Tonto el último

La última vez que estuve en España tuve que renovar mi DNI en la comisaría de policía. Allí se había formado un nutrido grupo de gente sin cita previa, entre los que me encontraba. Al llegar, junto a mi novia, observamos que había una fila en el lado derecho de la escalinata de entrada, la cual esperaba pacientemente que se abriese la puerta. Justo al lado, grupos de gente variopinta se dispersaba a lo largo y ancho de la misma escalinata, con actitudes muy diferentes, aunque suscitando todos la misma pregunta a los ordenados integrantes de la fila de la derecha: ¿qué hace toda esa gente ahí?
En un determinado momento de la espera, el grupo disperso se levantó y se acercó a la puerta, adelantando por la izquierda al grupo de la derecha en el que yo ya llevaba unos veinte minutos. Lo cierto es que yo encontraba mucho más lógico seguir la fila que habíamos encontrado al llegar, en lugar de ocupar una mínima porción en aquella nube de Bohr de la izquierda. No obstante, también era cierto que nadie había salido a indicar lo que había qué hacer, dónde debíamos esperar, ni existía un solo indicativo que lo mencionase. Pocos minutos después del acercamiento del grupo de la izquierda a la puerta, una mujer de la derecha avanzó igualmente, junto con otras personas, de tal manera que se rompió la integridad de la fila  para dar paso a un  pequeño tumulto en las inmediaciones de la puerta. Alguien se quejó diciendo que no era posible que la gente que seguía llegando se colase por la izquierda.
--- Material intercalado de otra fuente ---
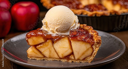 apple pie, dessert, food, ice cream, pastry, baked goods, sweet, fruit, comfort food, homemade, indulgence, warm, cinnamon, caramel, autumn, cosy, rustic, wooden table, red apple, closeup
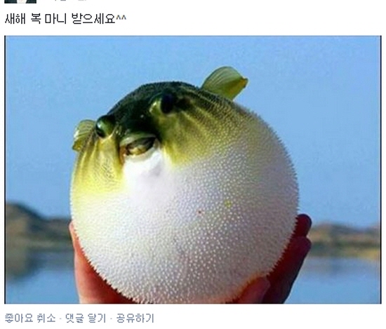 ▲ 한모씨가 “새해 복 마니 받으세요”라는 덕담을 올리며 복어 사진을 함께 게재했다. /사진=SNS 캡처 |
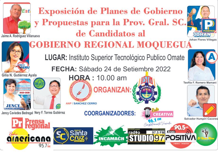 Para este sábado 24 de setiembre se realizaráelúltimo debate de candidatos regionales en la provincia General Sánchez Cerro. Bajo la organización de los periodistas agremiados a la ANP,el acto tendrá lugar en el tecnológicodelpueblo.
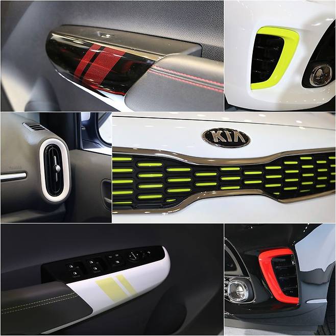 앞범퍼 좌우 흡기구에서 시작해 사이드스커트와 뒷범퍼 하단 디뷰저로 연결되는 레드와 라임, 블랙, 메탈 네 가지 포인트 컬러는 ‘아트컬렉션’ 패키지(20만 원)를 선택 시 적용할 수 있다.
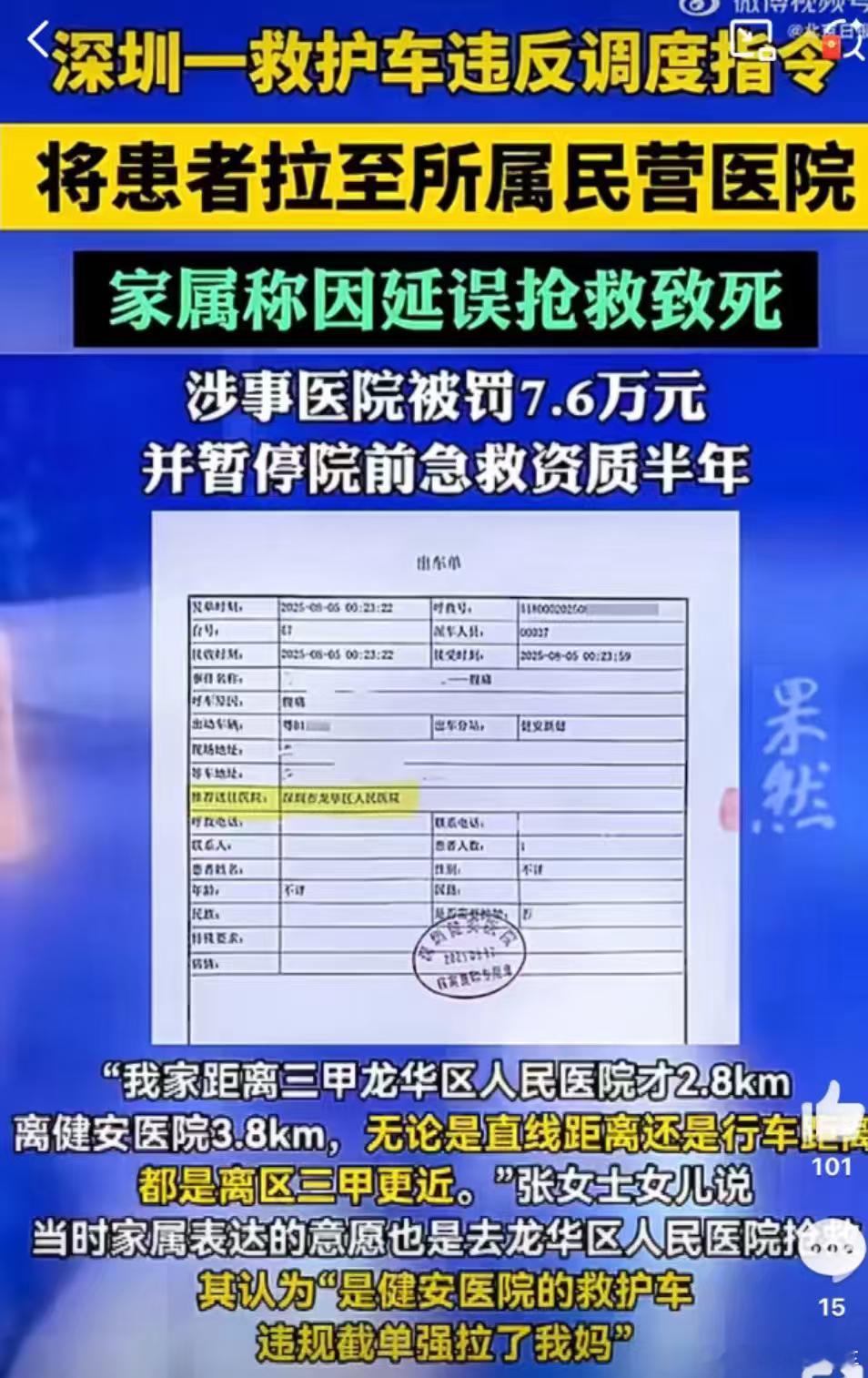深圳通报救护车截单延误抢救致死这事真的瞎搞啊,打了120急救不送指定的医院,两次

Entonces, la mujer que se había deslindado de la fila, miró a uno de los que protestaba y le dijo: “a mí tampoco me gustaría tener que hacerlo, pero, si lo hace todo el mundo, yo no voy a quedar de tonta”. Finalmente, se abrieron las puertas y un cansado y viejo policía salió a ordenar un tanto la entrada, aunque sin evitar que muchos de los “listillos” que habían llego por la izquierda pasasen antes.
“A mí tampoco me gustaría tener que hacerlo, pero, si lo hace todo el mundo, yo no voy a quedar de tonta”. Esa  era la frase resonaba en mi cabeza. Todo había sido un cúmulo de despropósitos desde nuestra llegada a la policía. El que nadie informase, el que no hubiese un triste papel que supliese las indicaciones de un funcionario en horario de descanso, el que no se previera aquella heterogeneidad de personas desorientadas frente a la puerta, era un testimonio claro de ineptitud y desinterés institucional. Pero el escuchar explicaciones como la de aquella señora, compartida seguramente por un buen número de los allí presentes, era una confesión de la miseria ética y del fracaso colectivo del país. Un país no lo hacen quienes lo gobiernan desde las esferas de la representación que todos conocemos, sino quienes lo gobiernan desde su mínima parcela de poder que les hace ser algo más que súbditos.
Hablamos de ciudadanía y de libertad, pero si esa libertad de la que se habla (libertad de turbamulta) no lleva más que a la astucia, a la picaresca y a la mendicante e insolidaria búsqueda del beneficio propio en este estado del “sálvese quien pueda” y “tonto el último”, entonces prefiero la esclavitud que, al menos, me haga consciente de la obligada rebeldía, de la justa sedición y del legítimo desprecio. ¿De qué podemos quejarnos en un país donde un cuantioso número de gente ha interiorizado tanto y tan bien durante siglos la argucia del tramposo? El comentario de esta señora me recordó otra frase que había escuchado, años atrás, a un grupo de personas que observaban en Madrid cómo la policía apartaba a manotazos a un grupo de viandantes que no se habían percatado de que allí iba a detenerse Cristina de Borbón para ir a una fiesta. “Así debe ser”, había dicho una de las personas de aquel grupo, con el asentimiento del resto. No sé qué pensarán ahora que la susodicha se encontró a las puertas de una imputación de tráfico de influencias, retirada en el último momento - ¡nobleza “obliga”!-. Probablemente, piensen lo mismo: “¡Así debe ser!”. Pero si así debe ser, cómo podemos sorprendernos de que las cosas vayan en España como van.
Al final, mi novia y yo entramos en la comisaría, después de un par de horas yo logré renovar mi carnet y salí de allí muy contento de que la renovación fuese por diez años para no tener que volver a presenciar directamente aquella miseria institucional y aquel desmoronamiento colectivo.